HOW TO COMPLETE THIS TASK
Pictures must not appear in the copy. Restate exactly the lines below from the one with "MHP Kayseri Milletvekili" through the one with "Yogyakarta (KUA Gondokusuman)", inclusive.

DATA
----------

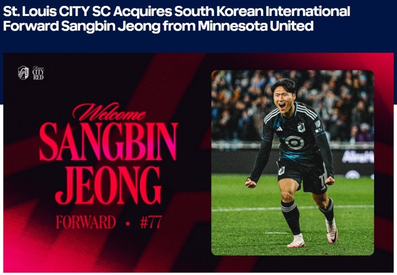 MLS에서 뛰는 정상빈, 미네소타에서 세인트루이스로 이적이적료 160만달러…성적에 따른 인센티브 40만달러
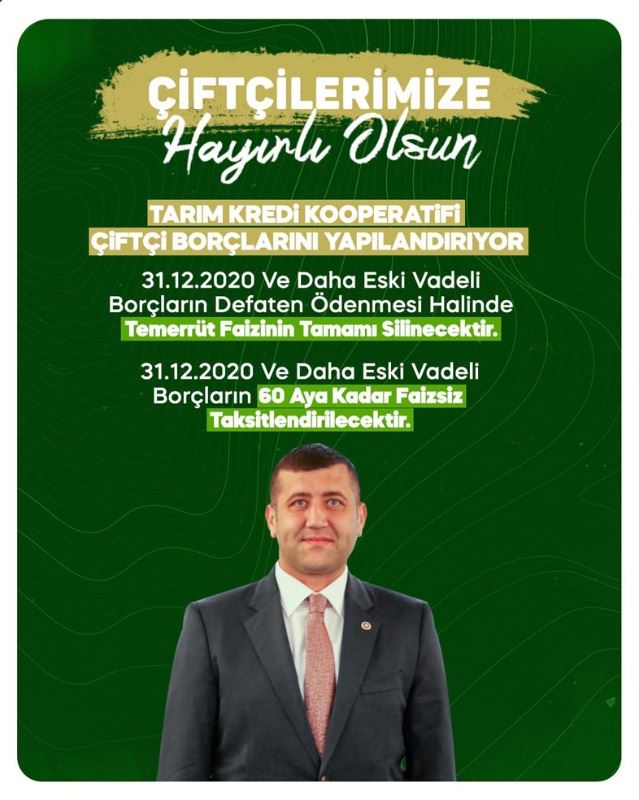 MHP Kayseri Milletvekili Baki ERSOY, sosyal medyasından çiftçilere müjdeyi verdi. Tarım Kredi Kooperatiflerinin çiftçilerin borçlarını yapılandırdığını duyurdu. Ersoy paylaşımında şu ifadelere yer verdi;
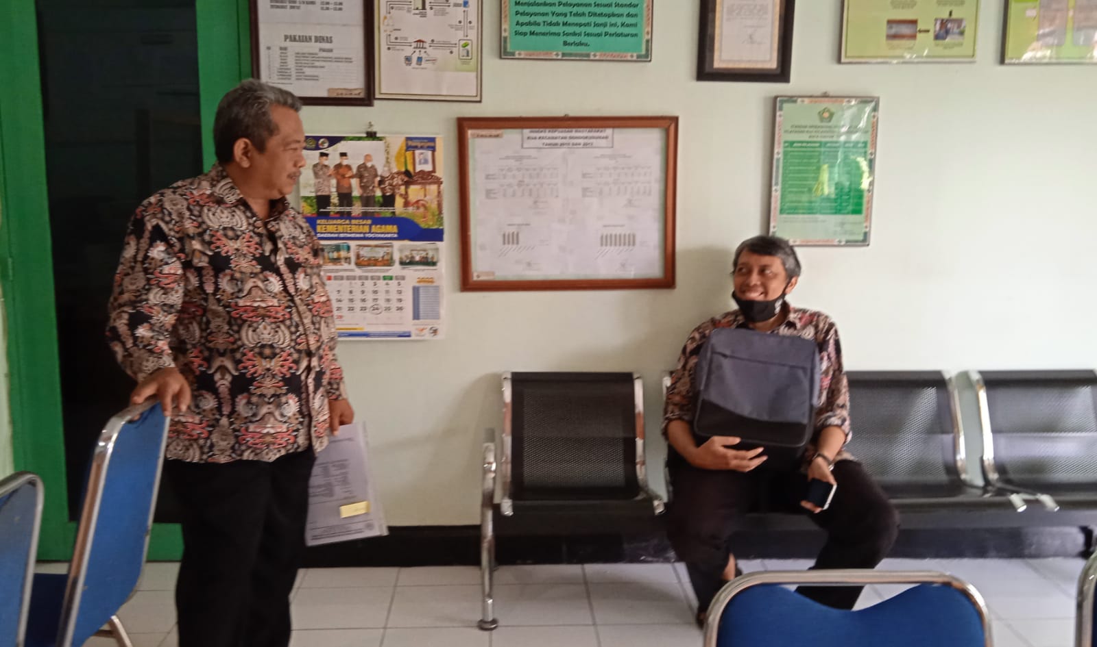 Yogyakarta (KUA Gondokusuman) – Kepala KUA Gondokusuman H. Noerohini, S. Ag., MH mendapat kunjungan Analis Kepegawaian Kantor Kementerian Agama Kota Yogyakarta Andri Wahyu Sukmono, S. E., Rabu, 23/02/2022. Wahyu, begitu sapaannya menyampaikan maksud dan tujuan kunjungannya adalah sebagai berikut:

----------

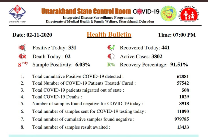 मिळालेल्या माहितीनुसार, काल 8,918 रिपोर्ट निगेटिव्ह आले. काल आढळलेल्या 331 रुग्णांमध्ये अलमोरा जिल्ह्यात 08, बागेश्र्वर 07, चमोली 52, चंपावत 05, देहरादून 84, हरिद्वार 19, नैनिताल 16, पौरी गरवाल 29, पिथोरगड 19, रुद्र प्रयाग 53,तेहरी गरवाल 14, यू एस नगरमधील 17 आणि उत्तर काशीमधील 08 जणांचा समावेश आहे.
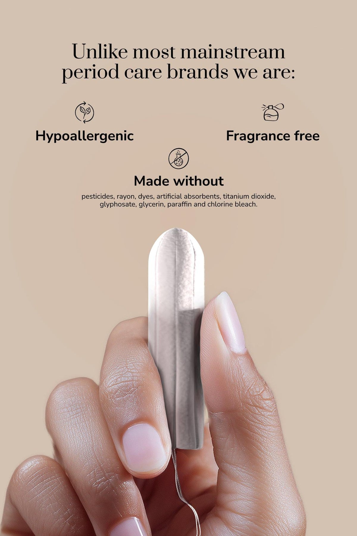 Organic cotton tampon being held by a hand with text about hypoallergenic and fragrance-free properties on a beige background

----------

WRITTEN ANSWER
 MHP Kayseri Milletvekili Baki ERSOY, sosyal medyasından çiftçilere müjdeyi verdi. Tarım Kredi Kooperatiflerinin çiftçilerin borçlarını yapılandırdığını duyurdu. Ersoy paylaşımında şu ifadelere yer verdi;
 Yogyakarta (KUA Gondokusuman) – Kepala KUA Gondokusuman H. Noerohini, S. Ag., MH mendapat kunjungan Analis Kepegawaian Kantor Kementerian Agama Kota Yogyakarta Andri Wahyu Sukmono, S. E., Rabu, 23/02/2022. Wahyu, begitu sapaannya menyampaikan maksud dan tujuan kunjungannya adalah sebagai berikut:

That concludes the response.